The children grow up

“I can’t believe you have kids in their thirties,” a precious lady said to me tonight.

I laughed and said yes indeed, I am blessed.

And my mind wanders this evening.

How the babies grow up, make their own lives, and call sometimes. Once in a while, they visit. As life has it, most families are scattered all across the globe and only get together on holidays. Or special events.

I am so thankful this year, that I was able to visit my baby who moved away, and she was able to bring her sweet hubby to be and youngest baby to Florida to meet the rest of the family. I do miss her so much. But we talk. And always have a connection even though we are miles away.

I am thankful that my other little granddaughter who lives with her dad keeps up with me on Instagram. I have not seen her face in three years in person. She left as a little girl and is now a young lady. So fast.

I am thankful for all the rest of my babies who still live in Polk County, and their families, so I cannot complain lol, that I never get to see them. My boys call me often. It is a cool thing to hear their voices and know they still love their mama. And my youngest is up for a tea party, or a nail day, any day. She came running with flowers, groceries and a card a few months ago when I was sick with covid.

Time marches on. And sometimes I wish we just all lived on a large piece of property (wouldn’t that be cool, a homestead), but unless you inherit the farm so to speak, that is sometimes rare.

One of my aunts is a widow. Watching her deal with my uncle’s death has impressed on me the value of your family connections and friendships. She has a rich social life. The one who remembered birthdays. The one who went to Tupperware parties, bought wedding gifts, and always sent me the coolest little things when I was a kid. She loves literature, especially children’s literature. And all things up and bright. Another aunt of mine is likewise joyous. Neither of them live near me. We talk when we can. Or when I can. And I realize that sometimes when we feel like life is speeding by, we are the ones who seem to be moving that hand of the proverbial clock.

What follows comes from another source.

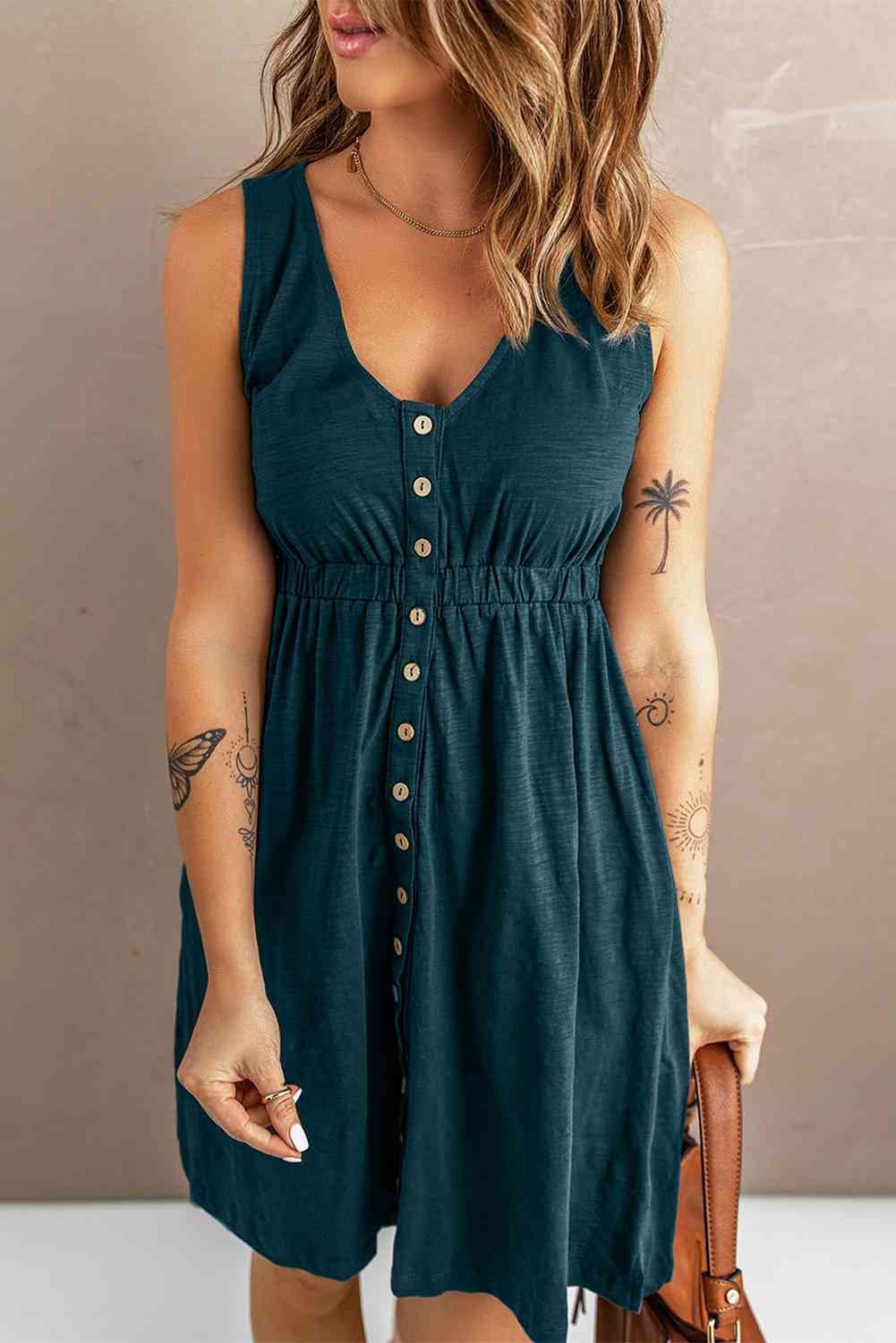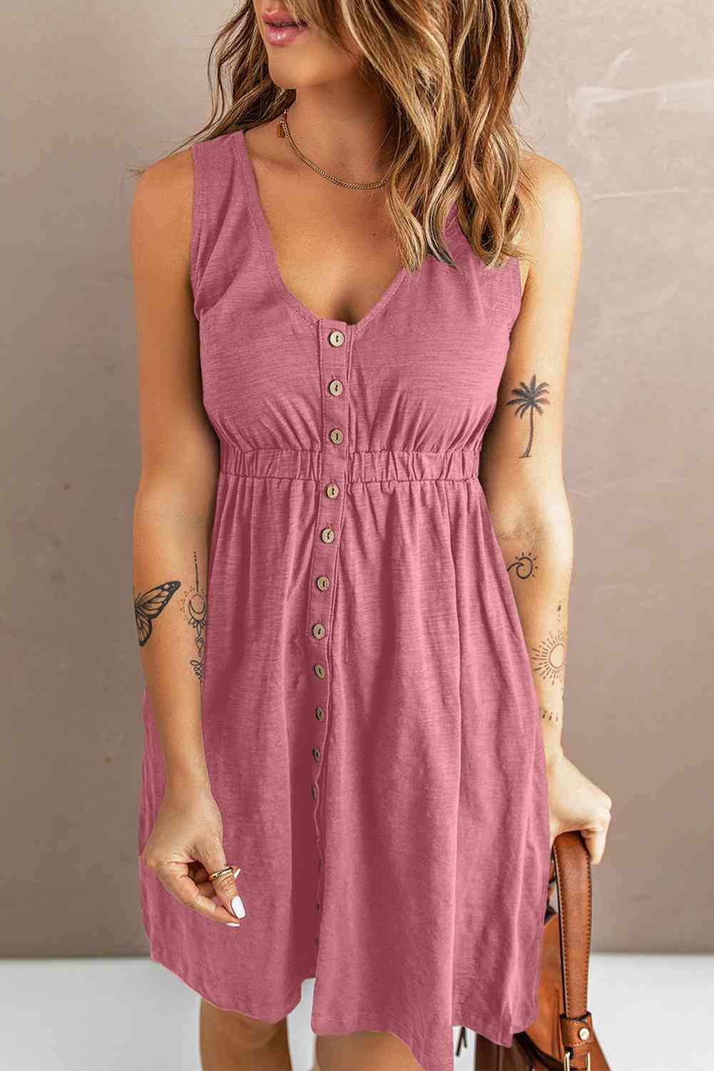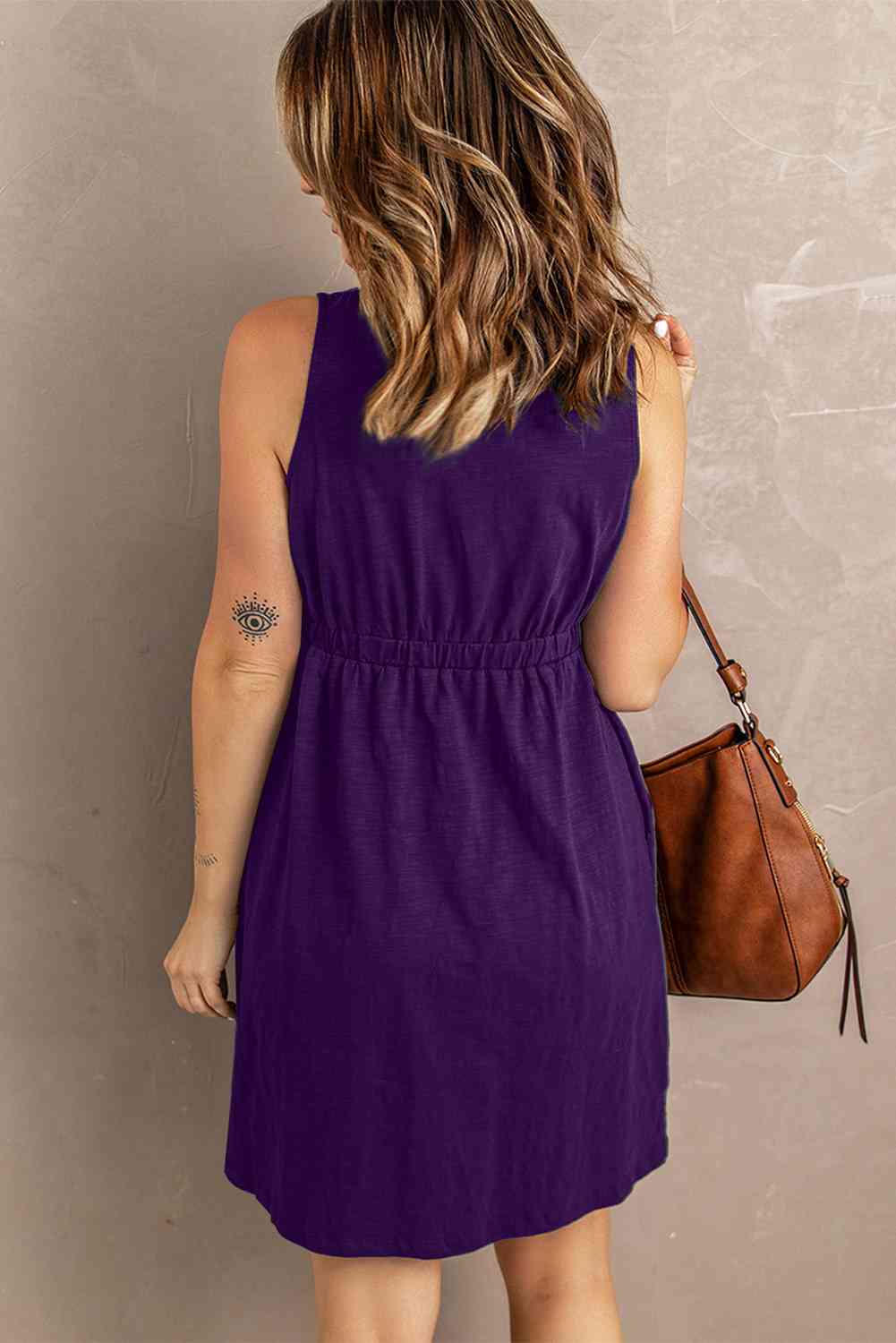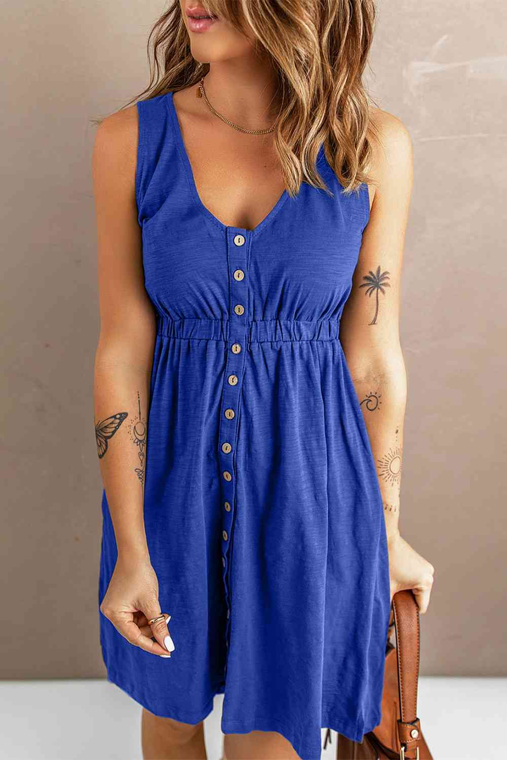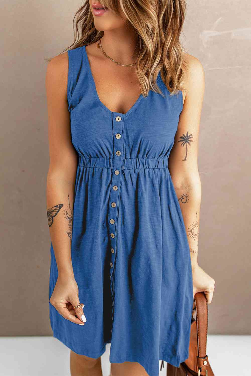 Button Front Empire Waist Sleeveless Slit Magic Dress

My parents each live in other places. Mama dwells in my home state of Indiana. My Dad lives in Florida. Each are aging as gracefully as they can. I think to myself, my goodness where did time go. It is getting away from me. And yet they each chose to live where they do. And have their own lives. I am heavily involved with Mama. Daddy prefers to talk once in a while. He likes to read and watch the news, and when we do talk, he is an expert on all sides of politics. I love my parents and wish I knew when I was younger how valuable the lessons were they imparted to me. Maybe I would have been a more kind and attentive child. Or maybe I was and am not giving myself enough credit.

Time.

I guess that seeing my friend Roslow’s old obit (my former editor at The Polk Sun) who passed away two years ago today, made me think of time and what all I want to do.

And let me not forget my bestie. She has walked through some tough stuff with me. She is the only person who ever met my sister (or rather, my sister’s grave), met my perpetrator (his grave), my great grands and great great grands, and grands (their graves.) She has met all of my family and loved them all. She bought teddy bears, diapers, holiday gifts for my kids’ children. She motivated me to finish college when I felt like giving up. She taught me how to be bold, or rather, how to tap into the inner boldness she said I already had. She helps me consider what others are going through when they are brutally unkind (sometimes life is like that, and that is well, just life, right?) Because of her, I have learned much about life and people, and how just because something does not work out the first time, it might work out at another time.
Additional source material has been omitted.